I came across this case, which isn't an "unpersönliches Es" because you can't omit it when changing the sentence structure.

Mit dem Auto sind es nur 15 Minuten nach Innsbruck.

What's the reason for using "es" sind when you talk about time like hours and minutes?

  • I'm thinking it depends on your definition. and I don't see being optional as one of the criteria. To me, it depends on the sentence whether you can drop the impersonal es, and factors such as level of formality and personal preference play a role too, so it's not just a matter of grammar. In many cases it's half dropped, for example "Wie geht's".
    – RDBury
    Sep 2, 2022 at 19:16
  • PS. I am confused by the grammar here though. The subject is 15 Minuten since the verb is plural.
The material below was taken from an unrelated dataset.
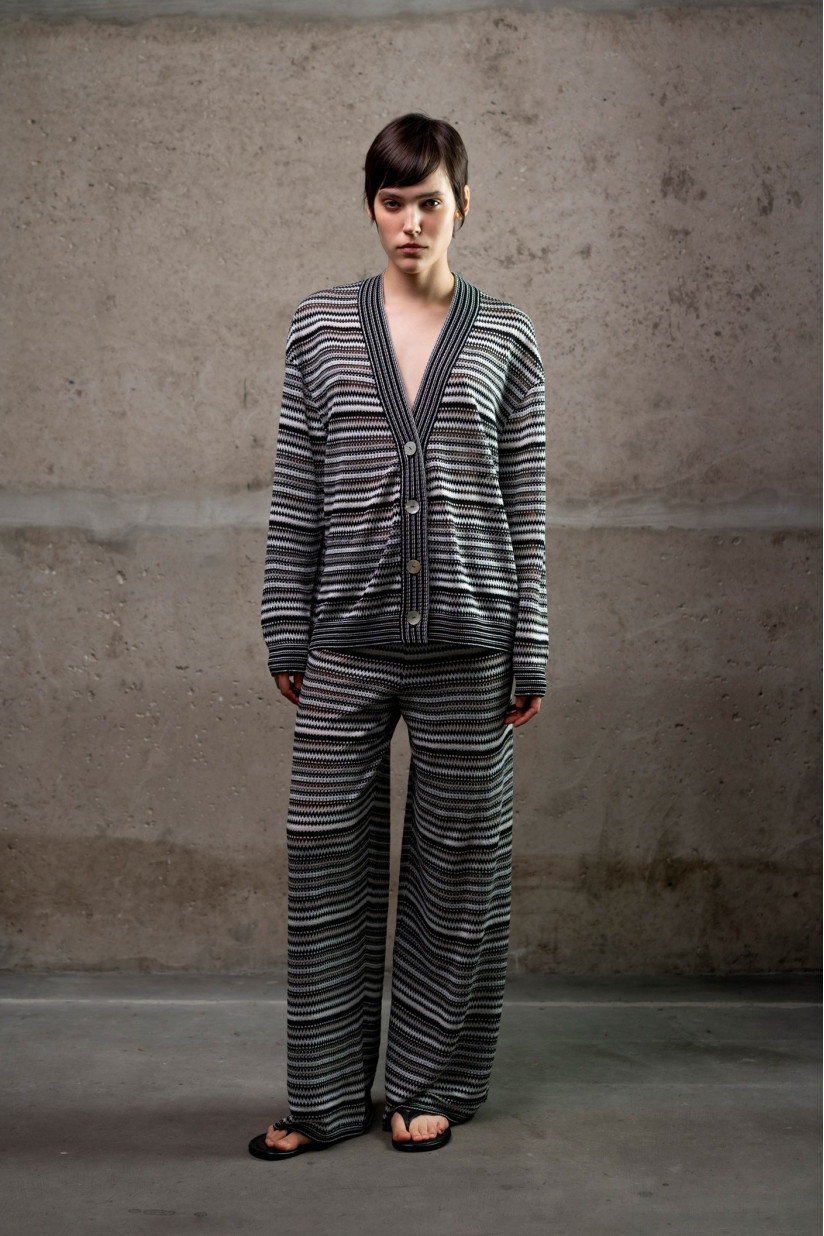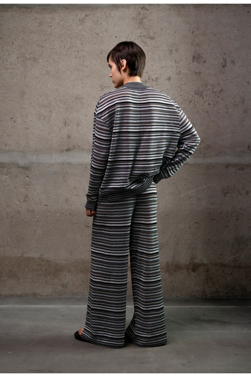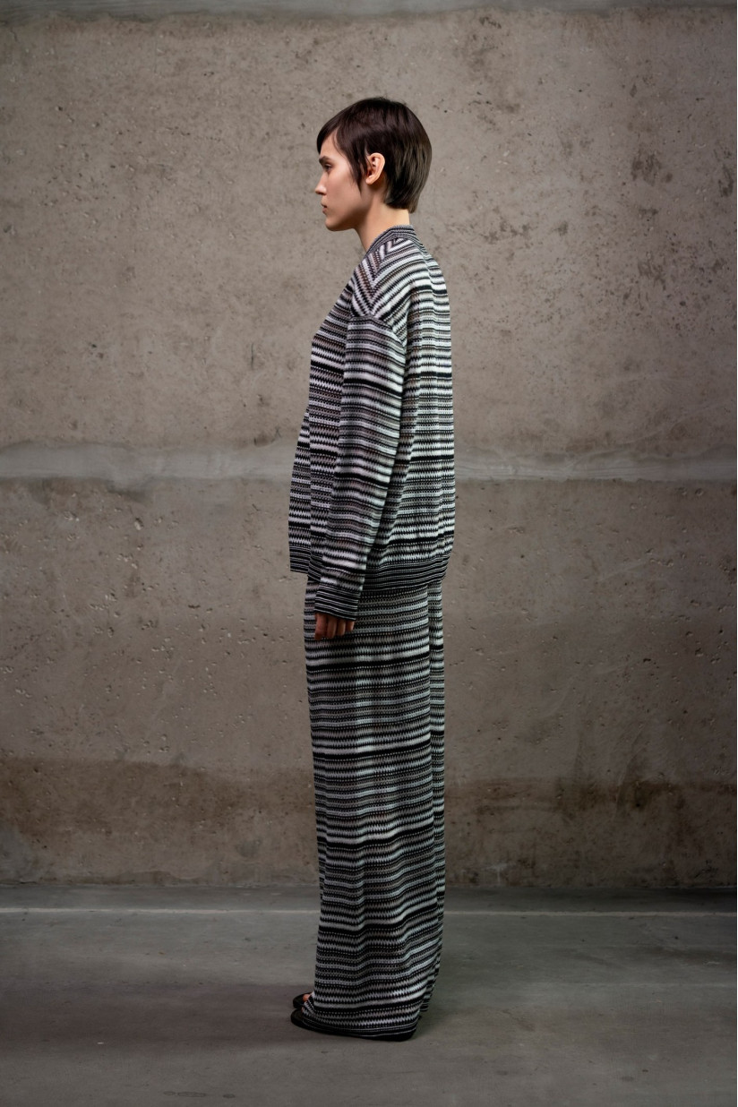 Трикотажні брюки з геометричним візерунком, натхненним ескізами Соні Делоне. Вільний прямий силует із легким розширенням донизу, висока посадка та повна довжина формують витягнутий і збалансований силует. Еластичний пояс без застібок забезпечує комфорт і зручність у носінні. Виконані з еластичного трикотажного полотна з віскозної пряжі з додаванням металізованої нитки у щільному переплетенні, що додає делікатного блиску та глибини фактурі.

I'm unfamiliar with this construction, and it doesn't seem to translate directly into English.
    – RDBury
    Sep 2, 2022 at 19:28

1 Answer 1


Because it is the subject of the sentence. Bis Innsbruck dauert es nur 15 Minuten. (Now, it is not the subject anymore, and the conjugation changes)

Edit: To answer the comment. I guess, I didn't explain it well.

Mit dem Auto sind es nur 15 Minuten nach Innsbruck. In this sentence, "15 Minuten" is the subject. Many German students have problems identifying the subject, but it is actually pretty easy.

As we can see, the verb is conjugated in the 3rd person plural: Mit dem Auto sind es nur 15 Minuten nach Innsbruck.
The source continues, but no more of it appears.